With its eerie, outer-space theatrics, it was the first sign of Bowie’s fascination with sci-fi, and Major Tom can be seen as the spiritual godfather of Bowie’s most famous creation, the alien Ziggy Stardust.

It’s arguable, but Space Oddity is probably his best song (well, maybe after “Changes”). Bowie’s cinematic lyrics — “This is Major Tom to ground control/I’m stepping through the door/And I’m floating in a most peculiar way/And the stars look very different today” — captures almost verbatim what astronauts relayed back to Earth about the unhinged feeling of walking in space.

Do you think 'Space Oddity' is Bowie's best song?

View Results

Loading ... Loading ...

Along with an orchestral, dirge-like melody and that commencement of countdown from ground control (“Check ignition and may God’s love be with you”), the song gets more and more haunting and heartbreaking. Finally, Major Tom loses radio contact and remarks with a poetic simplicity: “Planet Earth is blue and there’s nothing I can do.”

As one of the great singles of the classic rock era — and the song that made Bowie a star — it also remains one of the most hotly debated.

What inspired it? Bowie reportedly wrote it after seeing Stanley Kubrick’s 1968 film, 2001: A Space Odyssey. But some critics see it as Bowie’s metaphor for drug addiction.

So, what did happen to Major Tom? In 1980, Bowie wrote “Ashes to Ashes”, in which ground control gets a call from Major Tom (or “the action man”). He says he’s found love and “I’m happy, hope you’re happy, too.” Perhaps as an indication of how bleak things had gotten since the space-race optimism of the ’60s, ground control concludes: “Ashes to ashes, funk to funky/We know Major Tom’s a junkie.”

Other views of Major Tom: Peter Schilling wrote the 1983 New Wave song “Major Tom (Coming Home)”, in which Tom hurtles to Earth but ground control thinks he’s dead. In 2003, K.I.A. came out with “Mrs. Major Tom” in which she addresses her lost love and concludes: “You didn’t burn up, my Major Tom/You just burnt out.”

But the song has never burnt out, really. Cat Power sang it in a recent TV car commercial. It inspired a character in the trippy sci-fi movie The Fountain. And Bowie is releasing a digital EP with four versions of the song on July 20 to coincide with the moon-landing anniversary.

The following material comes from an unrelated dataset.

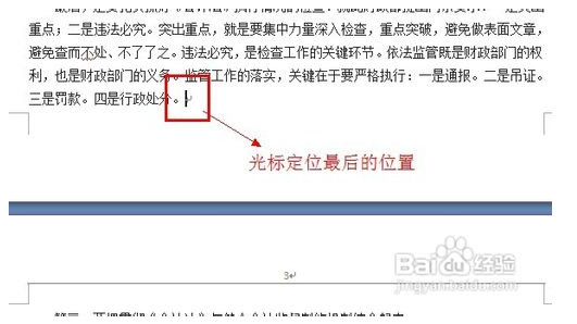 4、将光标定位在要设置横过来的页面的结尾,再进行步骤2的操作,光标会跳转到下一页的开头。(以下为举例)

Finally, in movie theaters this weekend is Moon, about a man on a lone mission in space who encounters problems getting home. Sound like Major Tom?

Well, it was directed by Duncan Jones. That’s the name he goes by now, anyway. As a kid, he was known as Zowie Bowie. That’s right, the son of Major Tom’s creator, the former David Jones.

Things still float in a most peculiar way, don’t they?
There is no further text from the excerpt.